When Native Americans Controlled the Northeast Coast
A depiction of Algonquin-speaking natives vying with the Dutch and English over Colonial Era waters from the book cover of Fossieck Lecturer Andrew Lipman's The Saltwater Frontier: Indians and the Contest for the American Coast. |
ALBANY, N.Y. (February 14, 2017) — When the English and Dutch empires both tried to claim the same patch of coast between the Hudson River and Cape Cod during the 17th and early 18th centuries, the sea itself became an arena of contact and conflict. But there was an unexpected third player in that conflict.
Little known, until author Andrew Lipman went through a wide range of English, Dutch and archeological sources, Algonquian-speaking natives were not land-bound observers, but active sea adventurers in a struggle that marked the emergence of the Atlantic World.
Fossieck lecturer Andrew Lipman. |
Lipman, an assistant professor of history at Barnard College whose 2015 book The Saltwater Frontier: Indians and the Contest for the American Coast was awarded the Bancroft Prize in American History, will tell of the unique conflict among New Netherland, New England and the Native American when he delivers give the 2017 Janice D. and Theodore H. Fossieck Lecture at 1:45 p.m. Wednesday in the Standish Room of the Science Library.

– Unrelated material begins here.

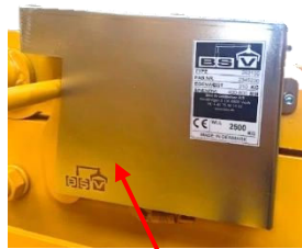
Shield for locking system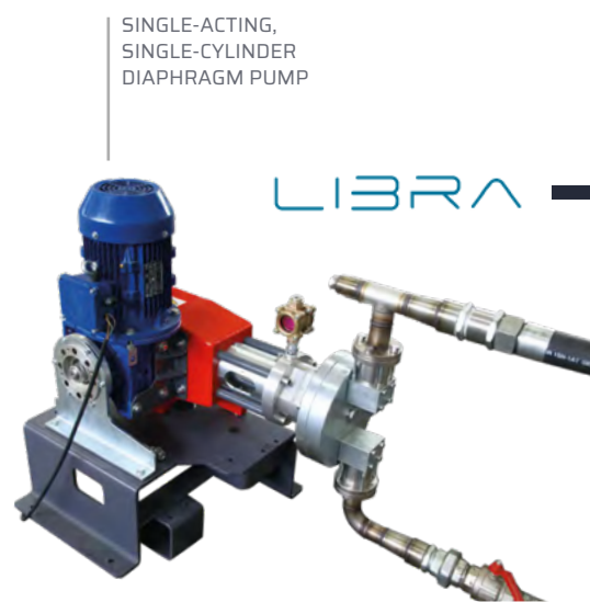
SINGLE-ACTING, SINGLE-CYLINDER DIAPHRAGM PUMP

“Andrew Lipman’s The Saltwater Frontier reorients some of the most enduring narratives of early American settlement," said Christopher L. Pastore, assistant professor in the Department of History, which sponsors the annual Fossieck Lecture.

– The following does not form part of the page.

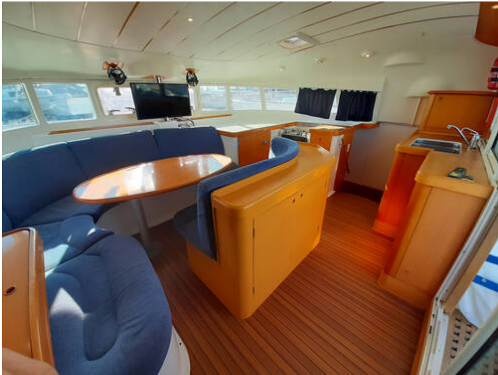
LAGOON 410 S-2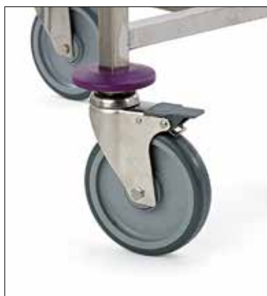
Optional castors diam.150 mm

All these trolleys are fitted with Ø 125 mm stainless steel wheels, 2 with brakes for safer use. These wheels meet the requirements of NF approval.

"By challenging land-bound Eurocentric narratives of colonization, Lipman shows that Native Americans played integral roles in shaping southern New Netherland, New England, and the broader Atlantic world. His book will fundamentally change the way the colonial history of the Northeast will be taught.”
The lecture was established by an endowment from Theodore Fossieck (1914-96), who served as principal of the University’s experimental high school, the Milne School, from 1948-72. He sought to provide an annual forum along with library materials to enhance the field of American Colonial history, of which he had an intense interest. An indexer of Revolutionary War manuscripts for the New York State Archives collection, he was also a member of several local historical associations.

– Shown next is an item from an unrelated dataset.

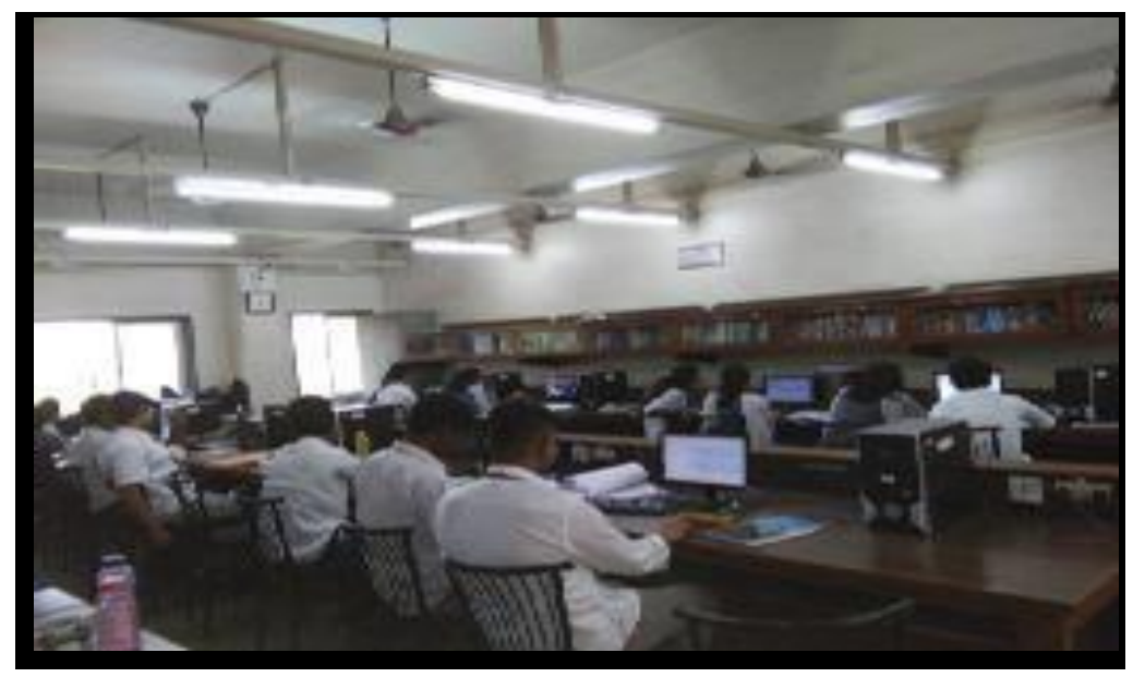
Computer Engineering Lab

Fossieck no doubt would have been fascinated by the findings of Lipman, whose research uncovered the degree to which the Native Americans of the time were accomplished navigators, boatbuilders, fishermen, pirates and merchants, and how their participation in the battle for seawater lanes and helped shape imperial rivalries.
Lipman’s work, which was also a finalist for the New England Society Book Award and received honorable mention for the PROSE Award in U.S. History, also is attentive to the human dimensions of environmental change that occurred during the period covered.